Why did we start Eastaste?
A quick interview with Renato Horvath, one of the founders of Eastaste.
Can you tell us about your background?
My first major passion was film-making. I started working with production companies in London but then moved back to Hungary to work on foreign films there. Later I got involved with all kinds of cultural events, like the Sneaker Pimps exhibition, which somehow led to managing bands. It took over my life and we established Fourty Management with two friends looking after about a dozen of Hungarian alternative bands. It kind of dried up after a few years, and I moved back to London where I also started organizing live events with great local bands, and kept on working with a couple of my Hungarian ones as well.
What was the main motivation behind starting Easttaste?
In recent years it has become clear that combining music and film is essential if both me and my bands want to make a living, so it seemed natural to use my experience from these two fields. There’s a similar pattern in whatever I do to bridge the East and the West, which is probably rooted in me hating to be behind the Iron Wall as a kid.
Why Eastaste - why are you focusing on Eastern Europe in particular?
As a booking agent for several Hungarian bands, I’ve been to many festivals and club gigs in the region, It was almost a revelation how many bands emerge every year from Eastern Europe that make great music with a universal appeal.
I also managed some Hungarian bands which could prove themselves at big festivals like SXSW or Glastonbury, received great reviews from bloggers all over the world and got released by foreign labels.
You can also see a growing number of musicians from the region getting all kinds of attention from the rest of the world that has the potential to blow them up, but it rarely happens. As one booking agent from The Agency Group put it, Eastern Europe is simply not on their map, so it’s extremely difficult to break through via the traditional channels.
Of course you have the internet, which could and should really be the catalyst, but it’s almost as if there’s a wall, and even though you’re a big alt or whatever hit in your Eastern European country, it almost never translates to a proper international success (well, except the massive Romanian club music factory…). I think there are many factors behind it, like the lack of physical presence in one of the world’s great music hubs, language barriers to some extent, lack of good online PR and so on.
So you have these great bands, who are totally off the radar for the rest of the world and almost none of them takes advantage of the licensing industry. Oddly, it’s actually a positive thing from the perspective of the music supervisors. They always look for fresh, new, unheard bands no matter where they are from.
Is music licensing a way how artists can make their living in future?

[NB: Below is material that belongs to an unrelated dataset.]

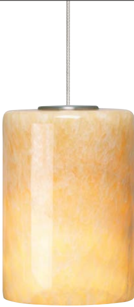
Shown approximately 25% actual size.

In the last 5-10 years it has become an essential part of the circle. Most new acts don’t make enough money from the declining income generated from touring, music and merch sales to make a living from it. On the other hand money spent on licensing has been on a steady increase every year, but it can work on other levels too. Everybody knows the famous stories of Jose Gonzales, Dandy Warhols or Feist who made it big due to one single music placement.
Even though the competition is very big now in this field, there are still decent budgets out there. Moog from Hungary just had two of their songs licensed in a big US TV show, which bankrolled their move to Los Angeles. DVA had a song in a Deutsche Telekom ad that also earned them some hard cash. Just think of all the media that’s being produced all over the world that needs music. The demand is huge.
And it’s not just money up front, but many of these licensing deals generate royalties every time a movie is screened or a show gets broadcast, which is an income down the line for several years. Actually this whole royalty question is an area that many musicians from the region have to get their heads around. It’s shocking how much they don’t trust their rights organizations and thus don’t register their songs, which results in zero royalties.
Musicians should wake up to realize there’s a whole other dimension in the music industry that can really help them succeed in their careers.